This paper analyses how technological progress embodied in capital goods raises productivity and income, while at the same time it can modify the allocation of consumption, investment and the capital stock. With capital-embodied technological progress, new capital goods become more productive, thus more valuable, but the production capacity of the existing capital goods declines comparatively and they become less valuable. In a dynamic and stochastic general equilibrium framework, a shock to the process of capital-embodied technological progress is shown not to raise investment as much as could be expected, allowing the owners of capital goods mainly to raise consumption instead. As a result, overall capacity taking account of the improvement in the quality of capital goods rises only modestly. The muted investment response might seem very conservative, because the owners of capital could take greater advantage of the sudden acceleration in the improvement of the quality of capital goods which allows them to raise their production capacity more than usually.
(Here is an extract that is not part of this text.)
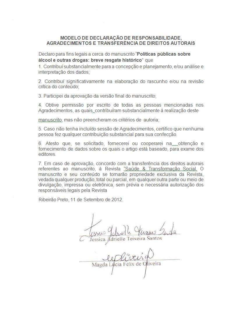 Da submissão, os autores deverão encaminhar cópia digitalizada do seguinte documento assinados por todos os autores do manuscrito, conforme modelo que se segue, nos documentos suplementares que constam no processo de submissão.

However, this conservative behaviour is consistent with an anticipated faster decline in the value of capital goods which become quickly obsolete, raising the cost of capital for the owners. Finally, this paper analyses the implications of the shock to capital-embodied technological progress coinciding with other shocks, namely, a positive one to the investment accelerator mechanism and a negative one to the risk premium. With deceleration in the quality improvement of capital goods, investors would require higher rates of return while affecting negatively the valuation of the capital stock.
Capital-embodied technological progress and obsolescence
How do they affect investment behaviour?